Repeat the records in full. No pictures belong in the copy.

*** DATASET RECORDS

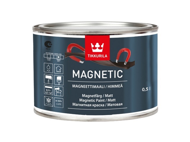 Подходит для покраски бетонных, шпаклевочных, штукатурных и ДСП поверхностей. Для получения любого цвета краску Tikkurila Magnetic можно покрасить красками для стен Tikkurila один или два раза. Нанесение слишком толстых слоев краски может ухудшить прилипание магнитов.
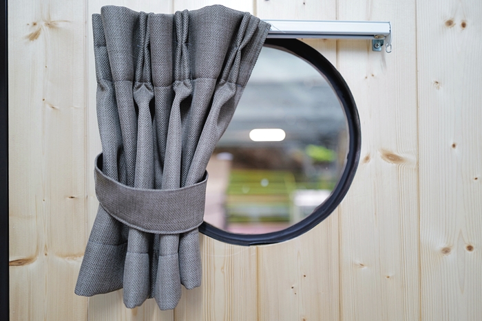 | 前方透明玻璃當然也會有窗簾可以遮蔽,連門上的小圓窗也有專屬的小窗廉,可愛極了。 |
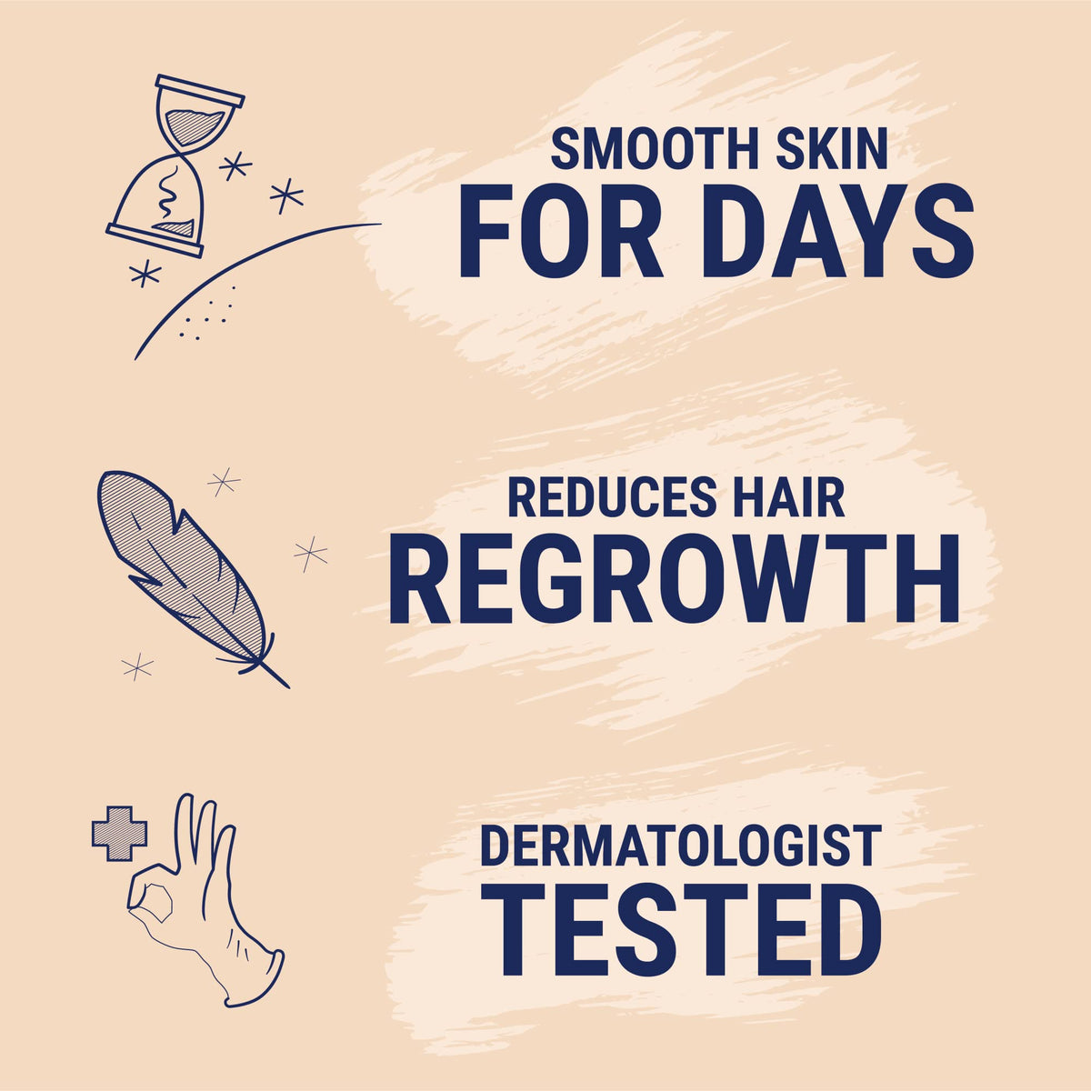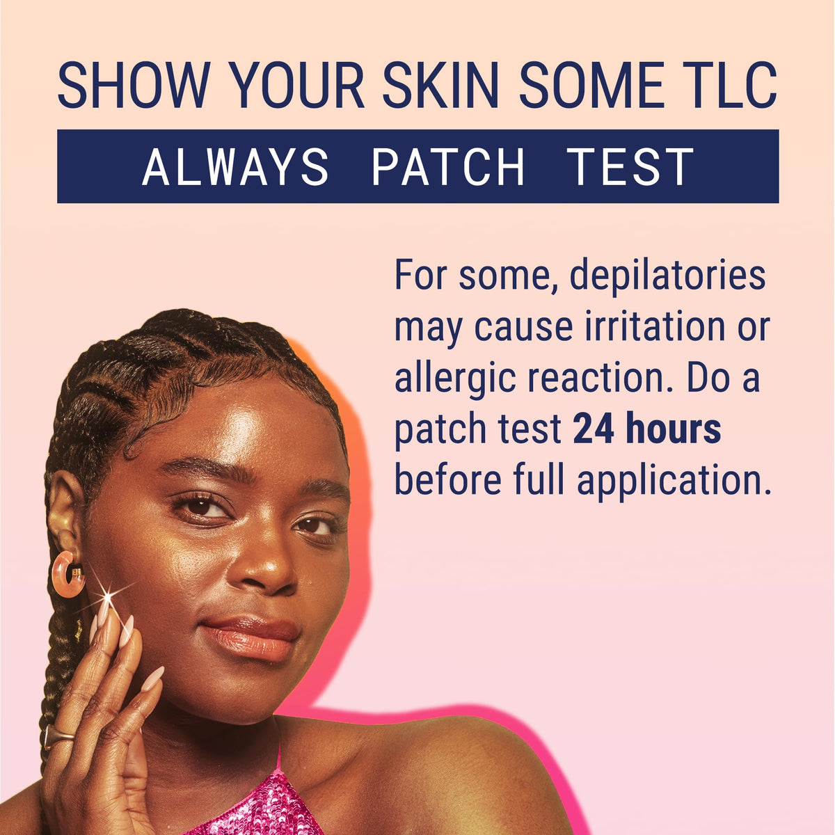 Directions :: Smooth on a thick, even layer to cover hair.Wash your hands immediately after applying.Leave cream on for 5 minutes. Check a small area for hair removal. If your hair is thick, you may need more time.Don’t leave on longer than 10 minutes.Gently wipe off the cream and hair with a damp washcloth. Don’t rub!Once all hair has been removed, rinse skin thoroughly with lukewarm water.Pat dry, and you’re good to go!
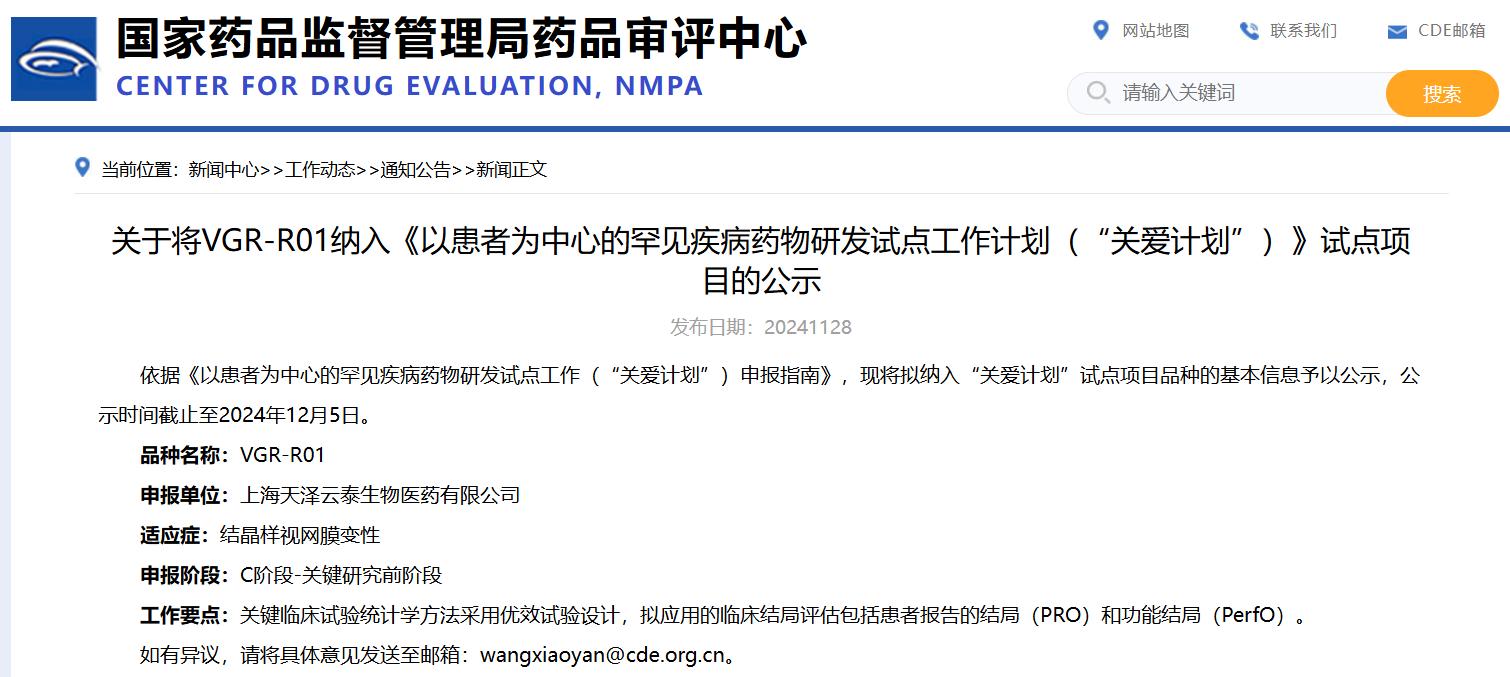關于將VGR-R01納入《以患者為中心的罕見疾病藥物研發(fā)試點工作計劃(“關愛計劃”)》試點項目的公示
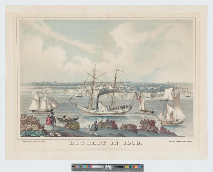 - Image of an eye-level landscape view of boats on the Detroit River, including one steamboat named "Walk-In-the-Water," with people sitting on the shore and the city of Detroit, Michigan, in the far distance.

******

» **WRITTEN SOLUTION**
 Подходит для покраски бетонных, шпаклевочных, штукатурных и ДСП поверхностей. Для получения любого цвета краску Tikkurila Magnetic можно покрасить красками для стен Tikkurila один или два раза. Нанесение слишком толстых слоев краски может ухудшить прилипание магнитов.
 | 前方透明玻璃當然也會有窗簾可以遮蔽,連門上的小圓窗也有專屬的小窗廉,可愛極了。 |
 Directions :: Smooth on a thick, even layer to cover hair.Wash your hands immediately after applying.Leave cream on for 5 minutes. Check a small area for hair removal. If your hair is thick, you may need more time.Don’t leave on longer than 10 minutes.Gently wipe off the cream and hair with a damp washcloth. Don’t rub!Once all hair has been removed, rinse skin thoroughly with lukewarm water.Pat dry, and you’re good to go!
關于將VGR-R01納入《以患者為中心的罕見疾病藥物研發(fā)試點工作計劃(“關愛計劃”)》試點項目的公示
 - Image of an eye-level landscape view of boats on the Detroit River, including one steamboat named "Walk-In-the-Water," with people sitting on the shore and the city of Detroit, Michigan, in the far distance.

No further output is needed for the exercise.